**The task:** Set down, word for word, each line from the top of the data through the line that has "Which means, you"; omit every picture.

Records excerpted from a collection
____________

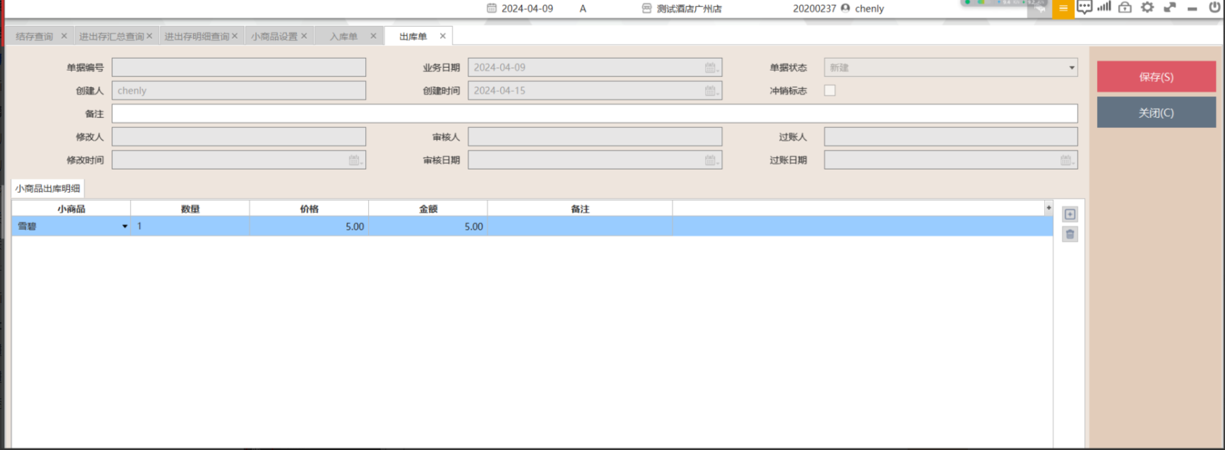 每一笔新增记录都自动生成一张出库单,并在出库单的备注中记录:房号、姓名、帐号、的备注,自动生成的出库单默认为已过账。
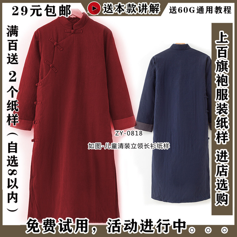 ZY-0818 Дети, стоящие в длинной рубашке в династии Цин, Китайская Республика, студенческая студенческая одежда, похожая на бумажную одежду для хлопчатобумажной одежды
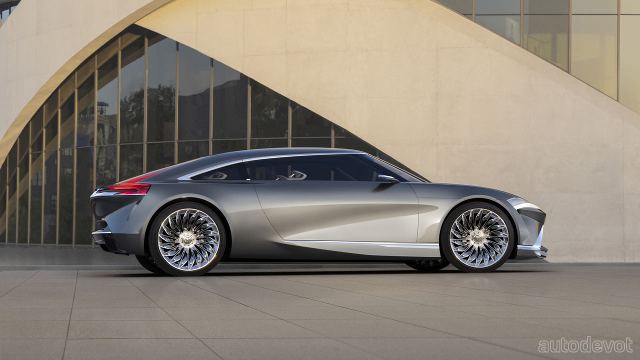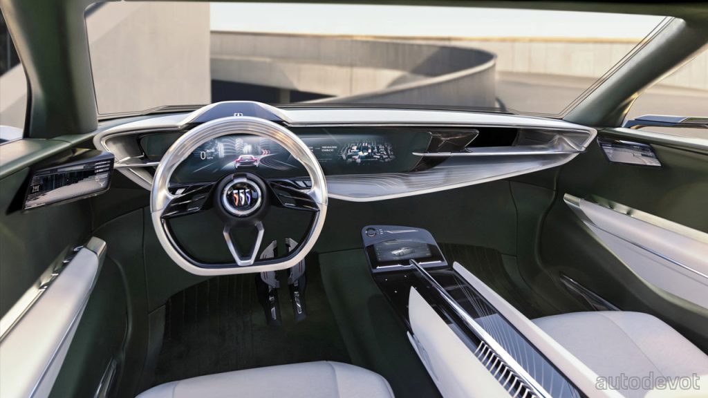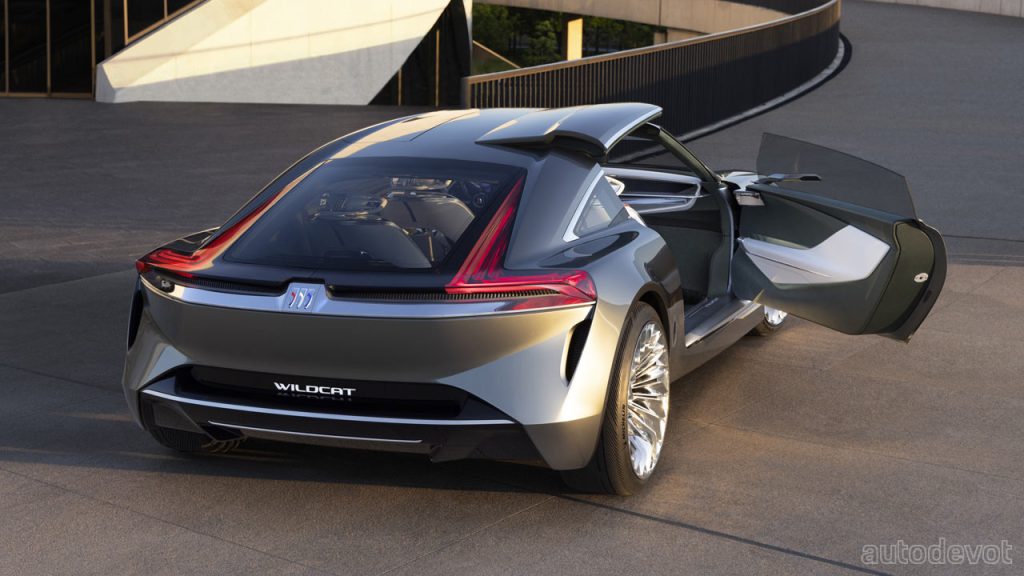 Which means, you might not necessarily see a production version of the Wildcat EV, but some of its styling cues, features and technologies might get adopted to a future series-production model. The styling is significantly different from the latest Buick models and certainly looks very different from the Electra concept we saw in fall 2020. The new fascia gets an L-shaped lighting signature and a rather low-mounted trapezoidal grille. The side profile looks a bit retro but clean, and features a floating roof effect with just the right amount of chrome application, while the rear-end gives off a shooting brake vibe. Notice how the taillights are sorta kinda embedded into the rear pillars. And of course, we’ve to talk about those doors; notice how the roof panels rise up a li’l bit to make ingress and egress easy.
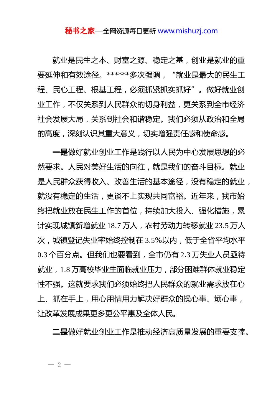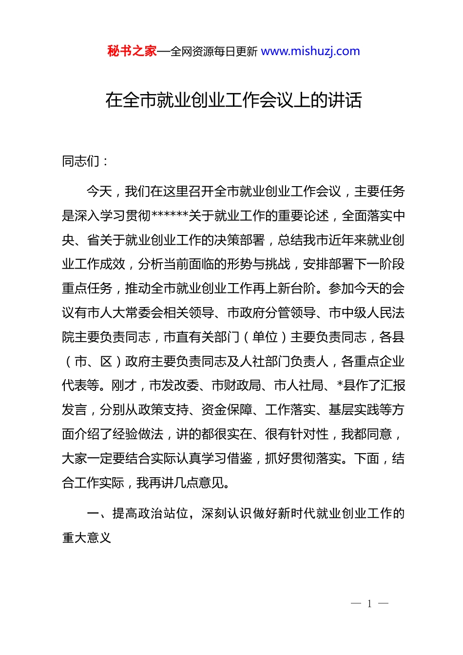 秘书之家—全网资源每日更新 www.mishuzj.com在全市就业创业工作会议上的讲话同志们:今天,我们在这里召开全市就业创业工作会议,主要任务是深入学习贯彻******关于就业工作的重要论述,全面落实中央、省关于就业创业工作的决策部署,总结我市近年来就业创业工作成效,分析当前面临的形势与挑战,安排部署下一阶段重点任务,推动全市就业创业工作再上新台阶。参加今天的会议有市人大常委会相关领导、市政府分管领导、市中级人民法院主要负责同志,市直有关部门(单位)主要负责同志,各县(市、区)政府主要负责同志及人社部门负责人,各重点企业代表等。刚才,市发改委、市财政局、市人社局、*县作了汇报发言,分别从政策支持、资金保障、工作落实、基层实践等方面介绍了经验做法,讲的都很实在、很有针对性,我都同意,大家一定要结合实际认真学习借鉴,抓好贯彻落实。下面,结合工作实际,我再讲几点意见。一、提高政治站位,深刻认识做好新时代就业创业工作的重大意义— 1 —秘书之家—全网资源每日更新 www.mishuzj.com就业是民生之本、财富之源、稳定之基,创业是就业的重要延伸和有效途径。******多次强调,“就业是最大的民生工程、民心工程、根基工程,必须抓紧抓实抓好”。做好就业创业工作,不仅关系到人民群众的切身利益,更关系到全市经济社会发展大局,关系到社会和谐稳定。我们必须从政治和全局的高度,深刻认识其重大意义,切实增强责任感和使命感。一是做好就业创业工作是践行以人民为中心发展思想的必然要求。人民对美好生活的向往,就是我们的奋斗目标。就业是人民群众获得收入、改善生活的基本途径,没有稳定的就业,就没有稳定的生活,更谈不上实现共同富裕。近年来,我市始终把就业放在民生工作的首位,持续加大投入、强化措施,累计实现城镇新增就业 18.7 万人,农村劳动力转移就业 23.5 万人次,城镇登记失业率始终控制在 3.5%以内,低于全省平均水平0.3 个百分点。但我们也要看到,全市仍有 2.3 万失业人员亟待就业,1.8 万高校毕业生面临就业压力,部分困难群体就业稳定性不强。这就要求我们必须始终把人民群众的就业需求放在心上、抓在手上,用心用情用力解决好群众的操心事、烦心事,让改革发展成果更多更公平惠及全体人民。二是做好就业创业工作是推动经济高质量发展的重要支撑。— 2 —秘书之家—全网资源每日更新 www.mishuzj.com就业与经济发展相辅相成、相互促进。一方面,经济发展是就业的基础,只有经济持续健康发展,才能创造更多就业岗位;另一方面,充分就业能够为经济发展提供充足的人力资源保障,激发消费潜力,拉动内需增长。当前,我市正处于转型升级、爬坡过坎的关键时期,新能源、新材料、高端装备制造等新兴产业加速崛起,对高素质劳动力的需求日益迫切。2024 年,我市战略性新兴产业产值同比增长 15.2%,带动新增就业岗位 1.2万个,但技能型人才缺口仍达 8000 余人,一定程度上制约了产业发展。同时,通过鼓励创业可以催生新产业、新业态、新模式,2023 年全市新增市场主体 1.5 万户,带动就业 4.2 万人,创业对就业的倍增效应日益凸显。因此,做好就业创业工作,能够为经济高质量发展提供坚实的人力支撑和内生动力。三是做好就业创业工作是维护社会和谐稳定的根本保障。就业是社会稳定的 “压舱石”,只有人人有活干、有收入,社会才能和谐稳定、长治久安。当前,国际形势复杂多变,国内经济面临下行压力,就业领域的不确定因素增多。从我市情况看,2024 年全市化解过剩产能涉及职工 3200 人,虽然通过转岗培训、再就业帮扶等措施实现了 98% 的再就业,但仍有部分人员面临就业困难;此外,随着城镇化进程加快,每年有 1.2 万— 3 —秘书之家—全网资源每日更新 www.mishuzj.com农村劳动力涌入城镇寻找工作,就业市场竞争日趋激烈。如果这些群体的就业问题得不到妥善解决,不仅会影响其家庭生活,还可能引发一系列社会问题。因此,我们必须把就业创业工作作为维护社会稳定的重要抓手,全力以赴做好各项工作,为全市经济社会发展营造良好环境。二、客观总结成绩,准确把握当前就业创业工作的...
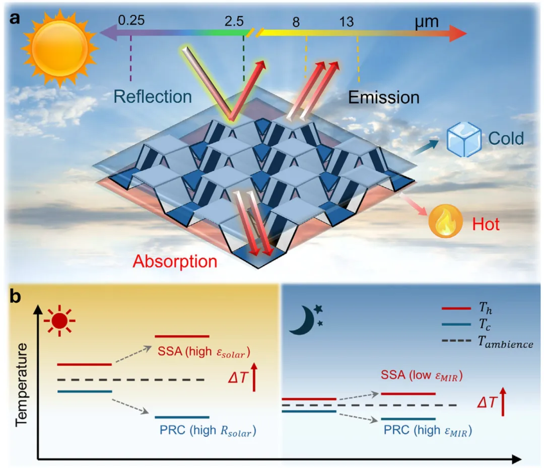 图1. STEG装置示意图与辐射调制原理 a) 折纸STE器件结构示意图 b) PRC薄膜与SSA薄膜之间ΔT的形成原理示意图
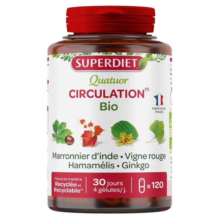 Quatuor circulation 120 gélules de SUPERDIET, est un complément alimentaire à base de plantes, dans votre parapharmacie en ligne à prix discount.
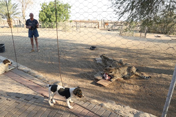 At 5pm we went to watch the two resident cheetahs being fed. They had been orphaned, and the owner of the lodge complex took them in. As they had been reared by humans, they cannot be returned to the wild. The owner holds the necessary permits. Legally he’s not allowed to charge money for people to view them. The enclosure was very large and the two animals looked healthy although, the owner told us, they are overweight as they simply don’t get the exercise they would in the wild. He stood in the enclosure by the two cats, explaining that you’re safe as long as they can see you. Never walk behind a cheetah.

____________

**Exercise output:**
 每一笔新增记录都自动生成一张出库单,并在出库单的备注中记录:房号、姓名、帐号、的备注,自动生成的出库单默认为已过账。
 ZY-0818 Дети, стоящие в длинной рубашке в династии Цин, Китайская Республика, студенческая студенческая одежда, похожая на бумажную одежду для хлопчатобумажной одежды
 Which means, you might not necessarily see a production version of the Wildcat EV, but some of its styling cues, features and technologies might get adopted to a future series-production model. The styling is significantly different from the latest Buick models and certainly looks very different from the Electra concept we saw in fall 2020. The new fascia gets an L-shaped lighting signature and a rather low-mounted trapezoidal grille. The side profile looks a bit retro but clean, and features a floating roof effect with just the right amount of chrome application, while the rear-end gives off a shooting brake vibe. Notice how the taillights are sorta kinda embedded into the rear pillars. And of course, we’ve to talk about those doors; notice how the roof panels rise up a li’l bit to make ingress and egress easy.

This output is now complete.